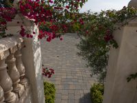 A classic California mansion in Los Angeles with a white exterior. The elevated open space offers a clear view of the spacious backyard, filled with vegetation and a brick walkway. The sunny day enhances the beauty of the bougainvillea in the foreground.
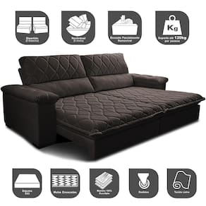 Com um design único e elegante, a linha BIG foi desenvolvida pra oferecer ainda mais conforto e prazer para relaxar a cada momento. O Sofá Retrátil e Reclinável Big Home tem uma exclusividade, seus encostos foram feitos com maior tamanho, dando total relaxamento ao sentar. Além disso, sua estrutura têm a estabilidade necessária para esse tipo de estofado, contendo em sua composição o enchimento em Espuma D33 mais ThermoGel, oferecendo uma sensação refrecante e aconchegante, além disso ele conta com Molejo Duplo de Molas Ensacadas mais Molas Bonnel e Percintas Extra Suport, tudo isso para dar o suporte necessário para o conforto. Garanta já o seu modelo e dê um UP no visual da sua sala!
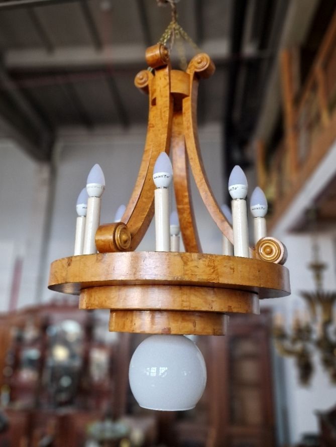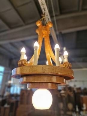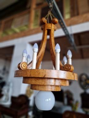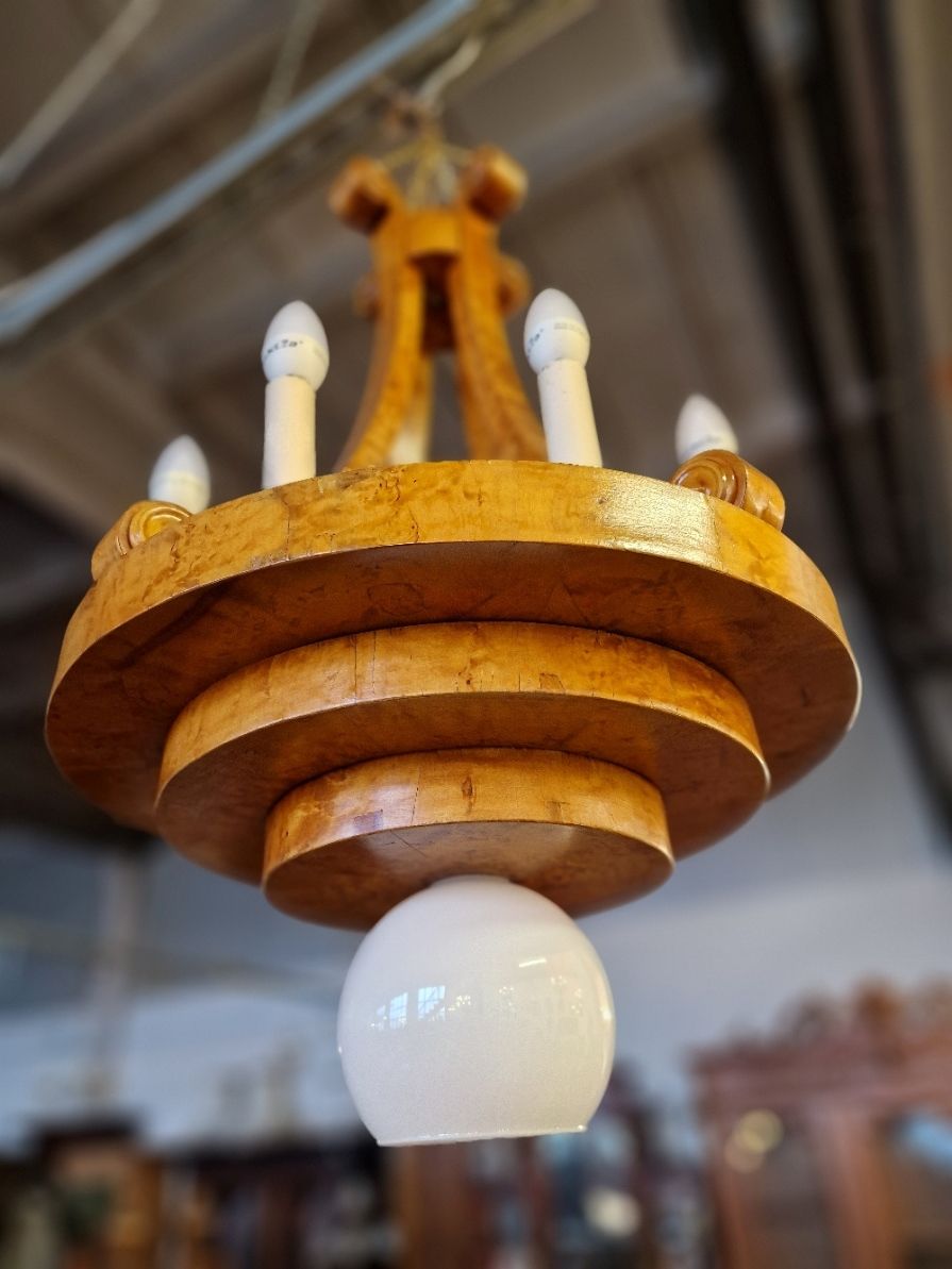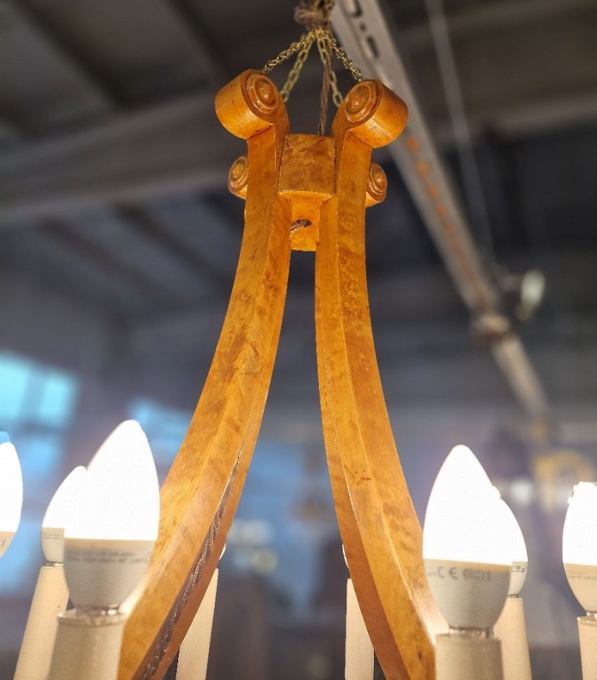 Very beautiful chandelier.Completely renovated.Made in Latvia in the 1920s.Pine, birch veneer.Height 90cm; diameter 49cm

PROBLEM REQUIREMENTS:
Now write out the data word for word, skipping every picture in it.

SOLUTION FOR THIS PROBLEM:
 A classic California mansion in Los Angeles with a white exterior. The elevated open space offers a clear view of the spacious backyard, filled with vegetation and a brick walkway. The sunny day enhances the beauty of the bougainvillea in the foreground.
 Com um design único e elegante, a linha BIG foi desenvolvida pra oferecer ainda mais conforto e prazer para relaxar a cada momento. O Sofá Retrátil e Reclinável Big Home tem uma exclusividade, seus encostos foram feitos com maior tamanho, dando total relaxamento ao sentar. Além disso, sua estrutura têm a estabilidade necessária para esse tipo de estofado, contendo em sua composição o enchimento em Espuma D33 mais ThermoGel, oferecendo uma sensação refrecante e aconchegante, além disso ele conta com Molejo Duplo de Molas Ensacadas mais Molas Bonnel e Percintas Extra Suport, tudo isso para dar o suporte necessário para o conforto. Garanta já o seu modelo e dê um UP no visual da sua sala!
 Very beautiful chandelier.Completely renovated.Made in Latvia in the 1920s.Pine, birch veneer.Height 90cm; diameter 49cm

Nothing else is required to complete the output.